I’m upgrading Elasticsearch from 8.17.3 to 8.19.10 and ran into a behavioural change with kNN + aggregations that breaks an existing use case.
What worked in 8.17.3:
We use knn inside the query DSL (bool.must) together with size: 0, because we don’t need hits, only the aggregations.
In 8.17.3, omitting k allowed aggregations to effectively run over all kNN candidates (num_candidates) across shards, as long as they passed a similarity / min_score threshold.
This let us:
- keep response size small (size: 0)
- run large nested aggregations
- avoid artificially bounding results to top-k
What breaks in 8.19.10:
In 8.19.10, the same query returns empty aggregation buckets.
After investigation, it appears that:
- k is now eagerly defaulted to size
- with size: 0, this effectively becomes k = 0
- aggregations then run over zero kNN hits
Setting an explicit k fixes emptiness, but introduces a hard top-k bound (e.g. k ≤ 10k), which changes semantics for us:
- our previous queries aggregated over all candidates above a similarity threshold
- now they are strictly bounded to top-k neighbours
Our use case is aggregation-heavy (nested + reverse_nested) and the kNN stage is only meant to define the candidate set, not to limit results to top-k.

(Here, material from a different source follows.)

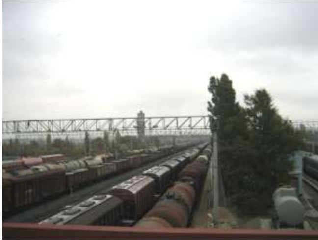
Вид на станцию с железнодорожного моста.

In practice, the number of documents above the similarity threshold can vary from 1k to >1M, and we need aggregations to reflect that set.
Question
-
Is this behaviour change intentional (possibly related to “eager defaulting of k”)?
-
Is there a supported way in 8.19+ to:
-
keep size: 0
-
avoid hard top-k truncation
-
and still aggregate over the full kNN candidate set (num_candidates)?
-
Sample Snippet
{
"query": {
"function_score": {
"boost_mode": "replace",
"functions": [
{
"script_score": {
"script": {
"source": "_score / params.total_boost",
"params": {
"total_boost": 1
}
}
}
}
],
"min_score": 0.5,
"query": {
"bool": {
"filter": [],
"must": [
{
"knn": {
"field": "embeddings_768_bgebase",
"query_vector": [],
"num_candidates": 3500,
"boost": 1,
"similarity": 0
}
}
]
}
}
}
},
"aggs": {
"total_hits_bucket": {
"filter": {
"match_all": {}
},
"aggs": {
"score_filters": {
"range": {
"ranges": [
{
"from": 0.6
}
],
"script": {
"source": "_score"
}
}
}
}
}
},
"from": 0,
"size": 0
}